= Zheng Lu =

Chinese artist

Zheng Lu (郑路) (born 1978 in Inner Mongolia, China) is an artist based in Beijing. Zheng Lu studied at Lu Xun Fine Arts Academy from 1998 to 2003 before continuing to Beijing's Central Academy of Fine Arts from 2004 until 2007. While still in school, Zheng won the LVMH Prize, which provided the artist with three months training at the École nationale supérieure des Beaux-Arts (ENSBA) in Paris. Zheng has mainly produced sculpture and installation work with steel structure, and also two-dimensional, multimedia, stage and public art.
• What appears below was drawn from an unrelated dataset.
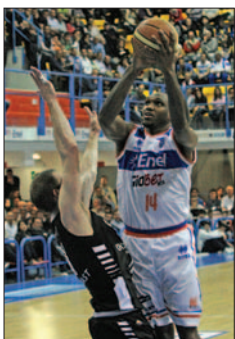
Enel Brindisi-Bologna
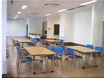
デイサービス活動フロア

Zheng Lu's first solo exhibitions were in Beijing, starting in 2009 at New Age Gallery with "Interpreting Nonexistence." In 2010 at F2 Gallery, Zheng had a showing of sculptures titled, "Zheng Lu: Object Distance." That year Zheng also showed "Constellations Shen and Shang," at J Art in Shanghai. In 2011 Zheng had a solo show "Passage of Time" at Schoeni Art Gallery, Hong Kong and then "Bow Without an Arrow," at MOT/ARTS in Taipei. His most recent solo exhibition was "Water from Water," at Shanghai Gallery of Art. In October 2015, ZHENG Lu's solo exhibition, “SHIOSAI”, was on view in Museum of Contemporary Art, Taipei, Taiwan(MOCA, TAIPEI). In 2016, his “Transition” and “Re-sist-ance” was respectively exhibited in Parkview Museum, Beijing, and Long Museum, Shanghai, China. Zheng has gradually formed and improved his own aesthetic logic and vocabulary. Through incorporating into art material, scripts, water, time, space, and other relevant concepts, he developed his unique style in art.